Como perspectiva este novo espectro de mundo?
O tema da transformação digital está por trás de tudo. Ou seja, todos os negócios vão ser transformados - mais rápida ou mais lentamente - pelas várias tecnologias. A questão é saber como vai acontecer em cada área, em cada negócio, e quais os negócios futuros que vão existir.

Relativamente ao 5G, a forma como o leilão foi conduzido em Portugal prejudicou o país?
Claro que sim, mas agora não é o momento de olharmos para o retrovisor. Interessa recuperar o tempo perdido e transformar em oportunidades as vantagens desta nova tecnologia.

A democracia na era digital é mais frágil?
A democracia é sempre frágil. Como podemos ver agora, com estes acontecimentos recentes na Europa, mas também por aquilo que tem acontecido em vários países relativamente à forma como a tecnologia pode ser utilizada para manipular opiniões ou produzir resultados eleitorais diferentes do que seria o normal se isso não fosse feito.

Como pode isso ser colmatado?
As pessoas têm de ter uma literacia digital muito mais elevada para poderem estabelecer-se neste novo mundo. As ameaças são hoje diferentes. Nada substitui a vantagem ou a necessidade dessa mesma literacia mais elevada. Não vai existir um sítio onde está escrito qual é a verdade; vai haver é a capacidade de as pessoas se saberem orientar, saberem verificar de onde vêm as notícias, quais as fontes, se parecem credíveis e como podemos proteger-nos em toda a linha das ameaças que a má utilização das tecnologias pode trazer. As formas de distorcer a realidade vão ser cada vez mais sofisticadas. Por isso, a forma de nos protegermos é sabermos entender o que se está a passar à nossa volta também de forma cada vez mais sofisticada.

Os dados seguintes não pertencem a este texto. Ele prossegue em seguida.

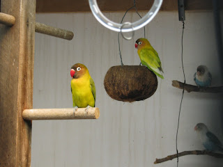 A criação de personatas é um pouco mais difícil que os roseicollis , mas sem maiores problemas . Os personatas são a espécie de agapornis que constrói o ninho de forma mais elaborada, fazendo ninhos cobertos com material carregado pela fêmea no bico.

Como vê a compra do Twitter por Elon Musk?
A nossa liberdade individual tem de existir, mas termina quando começa a liberdade dos outros. Se criarmos um sistema que permite que qualquer pessoa escreva o que quer, eventualmente agredindo outras e deturpando a verdade, não estamos a fazer um bom serviço à democracia. Temos de ter cuidado com a utilização da tecnologia e com estes anúncios de que tudo vai ser mais livre.

Quais são os principais desafios dos próximos anos?
O grande desafio é perceber como é que as tecnologias de informação e comunicação podem ser usadas para o bem da humanidade e como podem ser limitados os estragos que qualquer tecnologia, se mal usada, consegue fazer. E como podemos fazer crescer a literacia nas qualificações e na cultura das pessoas de forma suficientemente rápida para que saibam proteger-se de todas as ameaças, mas também tirarem partido de todas as oportunidades que esta revolução tecnológica traz.